The most complicated part of that bundle is the Chinese logographic script, called kanji [漢字, かんじ, カンジ] in Japanese, which is used for Chinese loanwords and much of the basic Japanese vocabulary. The application of Chinese logograms to Japanese language is governed by many subtle rules (and even more exceptions).
As a rule, a kanji may represent either its Chinese sound value (of course, taken from historic Chinese and adapted to modern Japanese) or its Chinese meaning. This can be illustrated with the logogram 草, meaning
grass, herb and spoken cǎo in Chinese. In a Japanese context, it may represent the Japanese word kusa
herb or the syllable sō as the Japanese sound equivalent of cǎo. Examples are kusa-mochi [草餅]
a sweet flavoured with dried mugwort herb and kanzō [甘草] Sichuan pepper and wasabi.
In addition, Japanese also has two syllabaries known as kana. Both are capable of representing any Japanese text, but documents written in kana alone are very unusual; normally, their use is restricted to those part of the language that the kanji cannot handle. They are, thus, supplemental scripts.
The two syllabaries are called hiragana [平仮名, ひらがな, ヒラガナ] and katakana [片仮名, かたかな, カタカナ]. Basically, hiragana is employed for grammatical suffixes, and may act as a substitute for kanji if the writer wants to avoid the latter. Such avoidance is actually the default for some words, as many kanji are rare and/or only known to people of higher education. Katakana are used for everything else, particularly elements alien to the language: Unassimilated borrowings, neologisms, foreign names and quotations from foreign languages. It are also used for emphasis, both in running text and in section titles. The inherent freedom of the system allows for very specific stylistic effects.
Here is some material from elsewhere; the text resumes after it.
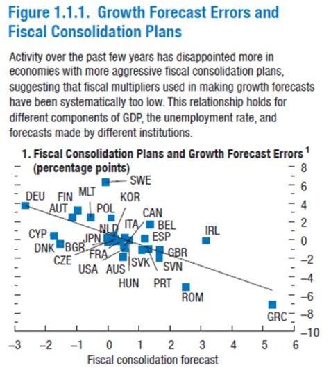 Nel caso italiano, se il moltiplicatore fosse 0,5, la manovra del “Salva-Italia” (22,5 miliardi, 1,4% del Pil) avrebbe ottenuto l’auspicata riduzione del rapporto deficit/Pil (-1%), con una perdita complessiva di -0,7% del Pil: scenario coerente con le previsioni del dicembre 2011. Nel caso invece di moltiplicatori intorno a 1,5 una manovra di 22,5 miliardi riduce il deficit di solo 0,35% del Pil e per ottenere il rapporto deficit/Pil desiderato bisognerebbe inseguire l’obiettivo con ripetute manovre di austerità, per importi complessivi superiori a 50 miliardi, infliggendo al Pil un -6,5% ovvero la caduta del Pil in Grecia in questi anni.

Note that the previous four-paragraph summary of Japanese writing habits is very simplified and omits most that is really interesting. I shall now turn to a closer technical description of how the syllabaries really work.
The two kana systems are largely isomorphic with almost perfect one-to-one correspondence between their signs. Thus, most what can be said about their structure and orthography applies to both equally. I will give a broad overview only, and will therefore rarely have to distinguish between the two. As a typographic convention, the syllable signs will be referred to by names in capital letters, and their pronunciation is given in small letters. Occasionally, the symbols C and V will be used for an arbitrary consonant or vowel, respectively.
The kana inventory consists of pure vowel signs and simple open syllables of the type consonant+vowel, CV. Japanese has five vowels, A I U E and O, and eight basic consonants, K S T N H M Y R and (with some restrictions) W. Voiced consonants G Z and D are available from their unvoiced counterpart by adding a diacritical mark called dakuten [濁点, だくてん, ダクテン]. Moreover, B and P are considered variants of H; they are written as H with the diacritical mark dakuten and handakuten [半濁点, はんだくてん, ハンダクテン], respectively. Including the secondary consonants, this gives a grid of 5×15 syllable signs; however, a few obsolete combinations are missing from Hiragana (YI, YE and WU), and there are additional signs for syllabic N (which is very frequent in the language) and for the rare syllable VU.
Most languages could not reasonably be written with that inventory, as no signs for consonant clusters exist. In Japanese, however, the only consonant cluster is ts which can only appear in the syllable tsu and is basically a historic oddity. Rather, a typical word will just consist of an alternating sequence of consonants and vowels (two vowels in a row are quite common, though). Three more phenomena which look like consonant clusters (but are not) may appear in Japanese:
- Gemination (doubling of consonant)
- This is indicated by a smaller version of the TU kana which is written immediatly before the kana whose consonant is to be geminated. N and M cannot be geminated.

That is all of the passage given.